2. **api** enqueues jobs in **redis** and persists state in **postgres**.
3. **worker** consumes jobs from **redis**, processes mailboxes, and writes results to **postgres**.
4. **web** streams job events from **api** (SSE) for live progress.
Export settings:
- `EXPORT_DIR` (default `/tmp/mailcleaner-exports`)
- `EXPORT_TTL_HOURS` (default `24`)
Cleanup settings:
- `CLEANUP_SCAN_LIMIT` (default `0` = no limit). Set to a number to cap how many recent emails are scanned per run.

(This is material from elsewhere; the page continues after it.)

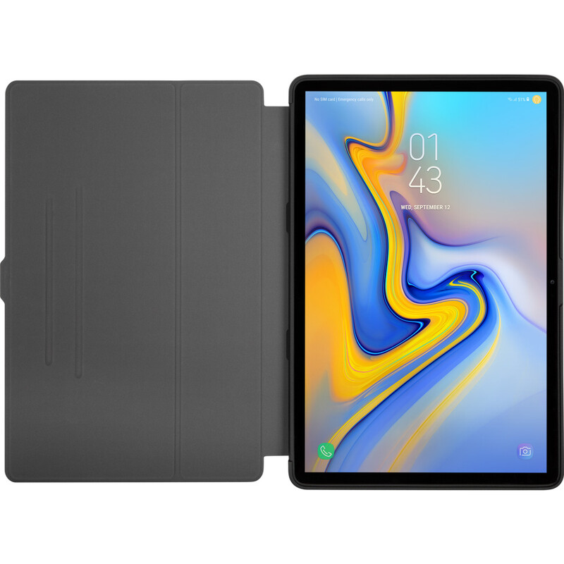 A simple flip transforms your case into a sturdy stand for comfortable typing. Flip again for easy viewing with virtually infinite viewing angles. Enjoy added ease and convenience with the elastic stylus holder and S Pen® charging port, keeping your S Pen ready to go or your stylus close at hand. Precision cut-outs offer easy access to your controls, ports, and camera lenses. Even your audio gets a boost with dedicated speaker ports.

Proxy settings (Nginx Proxy Manager):
- `TRUST_PROXY=true`
- `VITE_API_URL=https://your-domain.tld`
- `GOOGLE_REDIRECT_URI=https://your-domain.tld/oauth/gmail/callback`
- `CORS_ORIGINS=https://your-domain.tld`
Local ports (override via `.env` in repo root):
- `BIND_IP` (default `127.0.0.1`)
- `API_PORT` (default `8000`, now set to `8201` in `.env`)
- `WEB_PORT` (default `3000`, now set to `3201` in `.env`)
## Reverse proxy notes (Nginx)
- Terminate TLS at nginx.
- Only expose nginx (80/443) publicly.
- Keep API/Web bound to `127.0.0.1` (or internal Docker network).
- Set `TRUST_PROXY=true` so the app honors `X-Forwarded-*` headers.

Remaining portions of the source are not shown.